Basics of Expressing Complexity Measurements

Complexity cannot be expressed as merely an 'algorithms' complexity. One must be clear if one is talking about:

an average complexity based on mathematical proof
an average complexity based on measurements, whether exhaustive (all cases) or a sample of cases
a best-case complexity
a worse-case complexity
etc...

Therefore, O(*) being tossed out as a bare concept is vaneer glued particle board... it looks beautiful, but is unsuitable for a sturdy boat or a roof. O(*) must not be a veneer of "complexity" tossed over dull and simple questions. It is a formalization of specific 'worst-case' conditions of growth.

Initial conditions and bounds are quite important when discussing complexity. Some algorithms behave differently when tuned differently, or when conditions change. For some discussion (also mentioning Weiss's work) you may refer to Wikipedia's article on Shell Sort which also includes an example of Wikipedia's Algorithm Infobox which could provide a model for including 'facts' when discussing O(*) issues here on PM.

Criticism of "Wise Sounding" RTFM questions

While in no way elitist toward fellow Monks, I personally wish to see the Quality/Node ratio here on PM continue to rise. Therefore, I have to rap a few shoulders with a cane to wake from slumber real wisdom. We must always remain vigilent lest "number of writeups" become the Kismet of XP, rather than XP reflecting the wise output of Monks who employ Zazen (meditation).

Questions to Ponder

Therefore, I put these questions to my Fellow Monks.

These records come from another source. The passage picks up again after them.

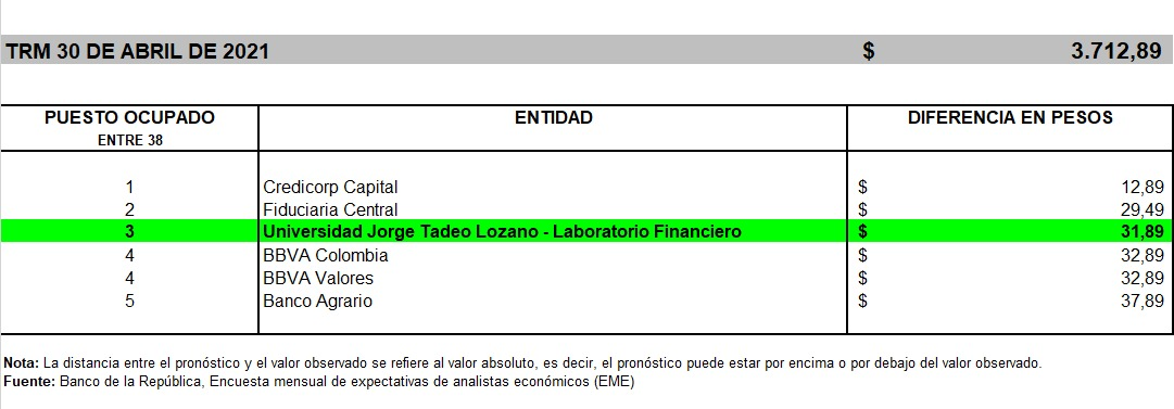 Luego de enviar el reporte de abril sobre las estimaciones de la Tasa de cambio Representativa del Mercado (TRM) al Banco de la República, el Club de Finanzas de Utadeo (Utadeo Finance & Business Club) logró ubicarse en el tercer puesto, entre las centros de análisis financieros del país, luego de ocupar por dos meses consecutivos el cuarto lugar, en esta ocasión, por delante de analistas como BBVA Colombia, BBVA Valores y el Banco Agrario.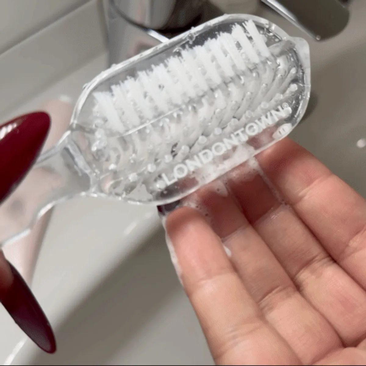 Použití: Aplikujte malé množství na nehty nebo na kartáček a vydrhněte je jemnými a rovnoměrnými krouživými pohyby. Smyjte vodou s mýdlem. Nakonec naneste Výživný olej na kůžičky od Londontown®.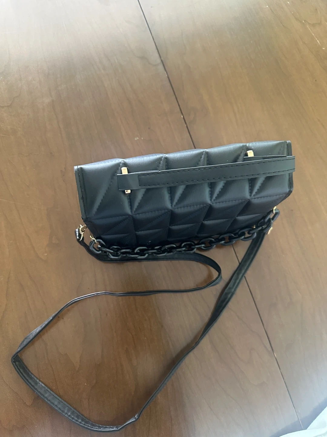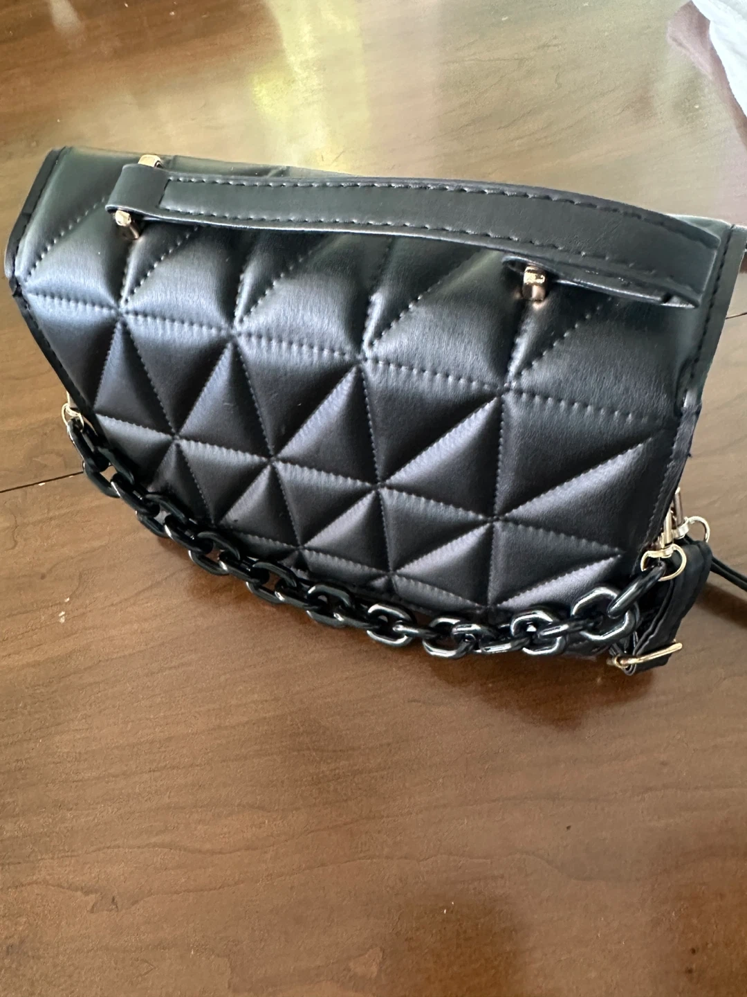 This is a stylish black quilted shoulder bag with a chain detail. It's in great condition and perfect for adding a touch of elegance to any outfit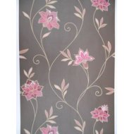 V.335-09-P053 BROWN BACKGROUND WITH PINK FLOWER WALLPAPER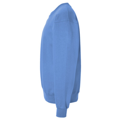 Air jet spun yarn – softer feel and no pill, double-needle stitching, set in sleeves. 1x1 athletic rib with Spandex, quarter-turned to eliminate centre crease.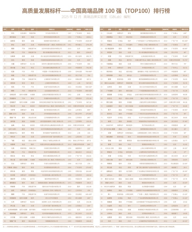 提要:最近,“中国高端品牌100强排行榜”重磅出炉。这份榜单跨度极大:既有华为、茅台、问界这样的千亿级巨头,也有卡萨帝、方太、九牧等百亿级中坚力量,还不乏仰望、云鲸、CASETiFY等十亿级新锐。表面看是品牌价值的排序,实则折射出一条清晰的进化主线——中国高端品牌的内核,正从符号、故事、情怀,加速回归到技术与产品本身。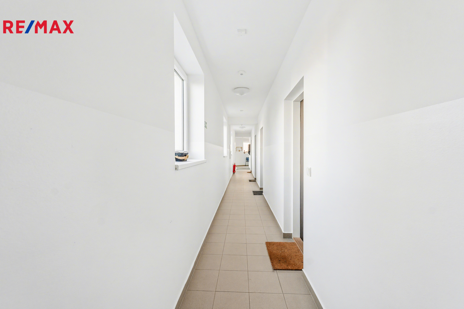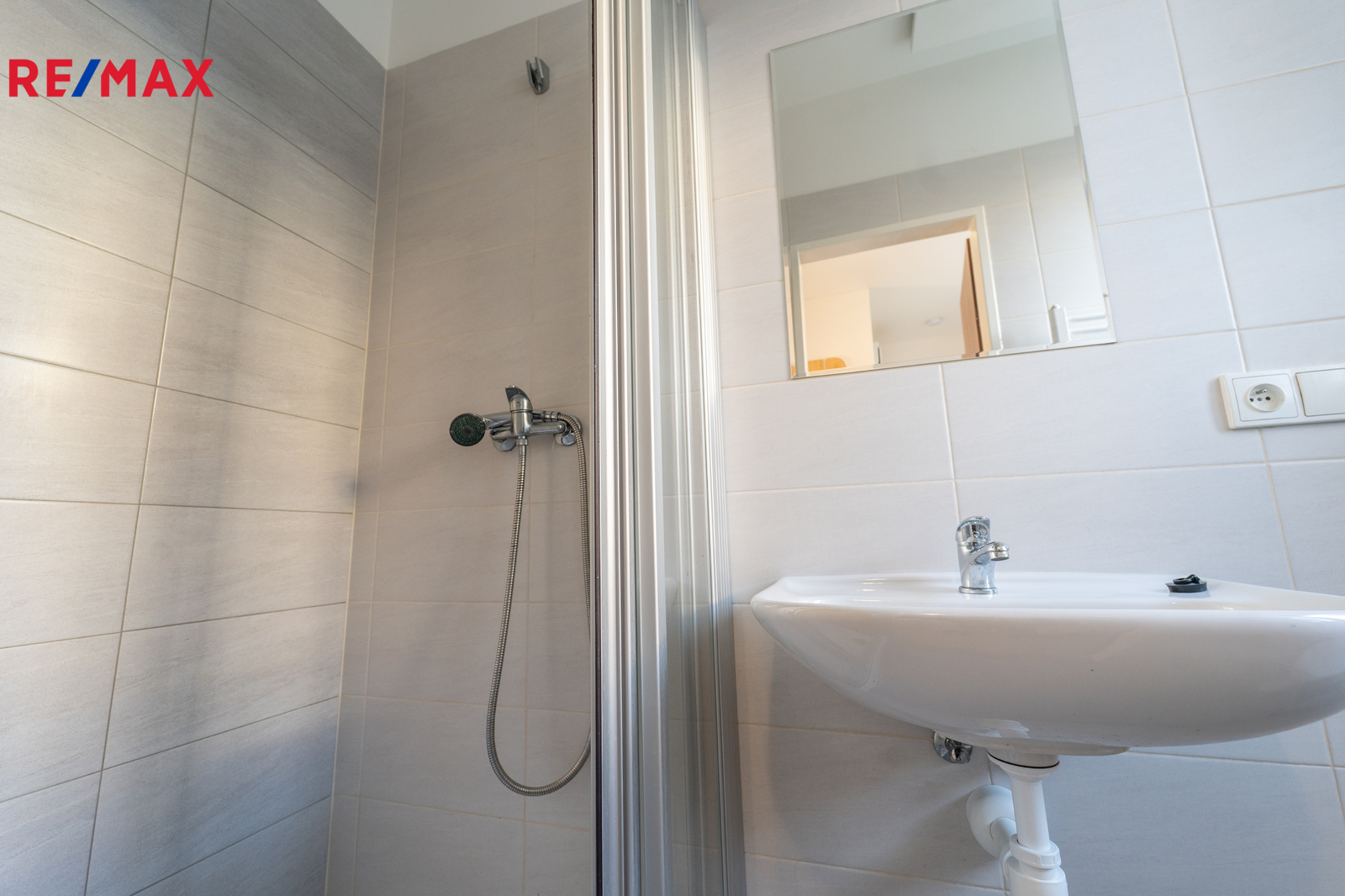 Byt o výměře 29 m² se nachází v 1. nadzemním podlaží novostavby třípodlažního cihlového domu. Je řešen jako praktický a úsporný, částečně vybaven kuchyňskou linkou s lednicí. Koupelna je se sprchovým koutem.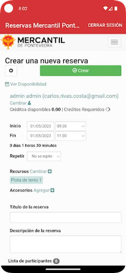 Reservation system of facilities for the Mercantile and Industrial Casino of Pontevedra. From this application you can make the reservation, management and consultation of the facilities of the Mercantile and Industrial Casino of Pontevedra.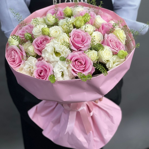 Букет "Нежное признание" из роз и эустом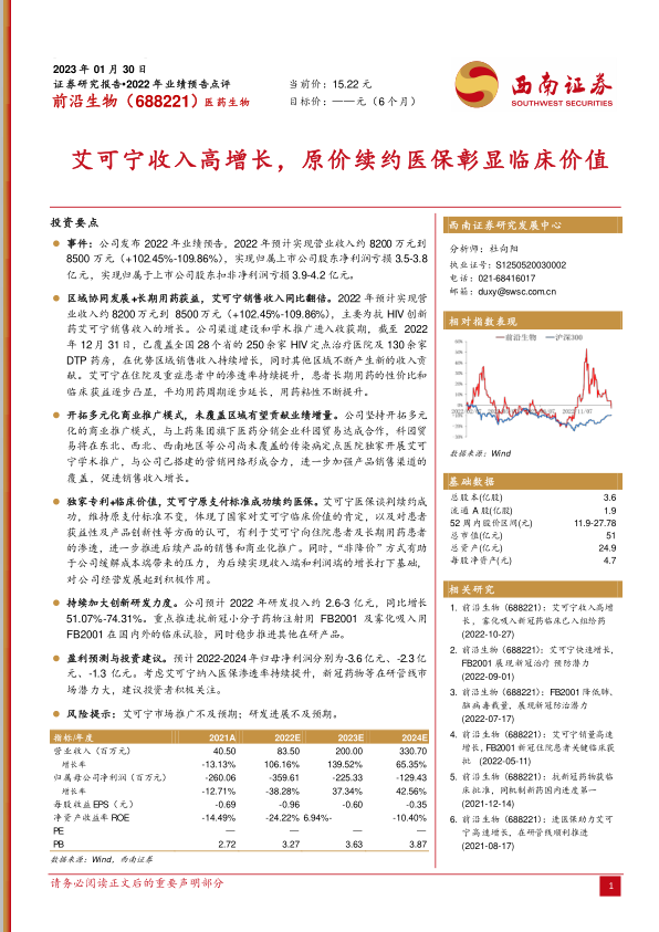 本报告主要分析了前沿生物(688221)2022年的业绩预告,并对其核心产品艾可宁的销售情况、医保续约以及研发进展进行了深入解读。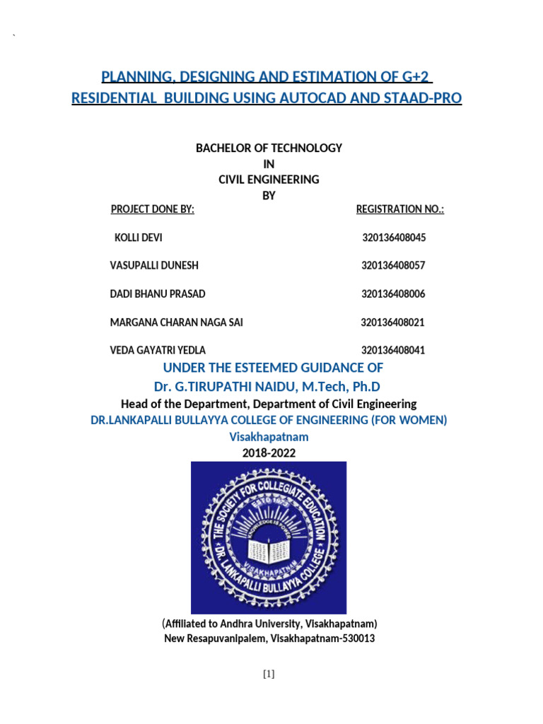 ESTIMATION OF G+2 RESIDENTIAL BUILDING USING AUTOCAD AND STAADPRO".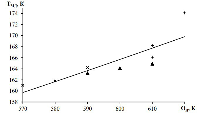 Рисунок 3 – Зависимость температуры фазового перехода от температуры Дебая (QД) для соединений V2±δ O3 (o), V2-δ Al0,02 O3 (+), V2-δ Fe0,02O3 (x), V2-δ Cr0,02O3 (▲)

What sources of Perl documentation are the best references for Algorithmic Complexity questions?
Are there any good PM nodes discussing the fundamentals of algorithmic analysis? Two good tutorials
Might we need a good Tutorial or Quest written entitled "Data Structures and Algorithm Analysis in Perl" to point drifting monks toward?

Call to Action

Perhaps we need a more coherent effort to address Complexity Analysis to coagulate our vast knowledge toward a more elightening end.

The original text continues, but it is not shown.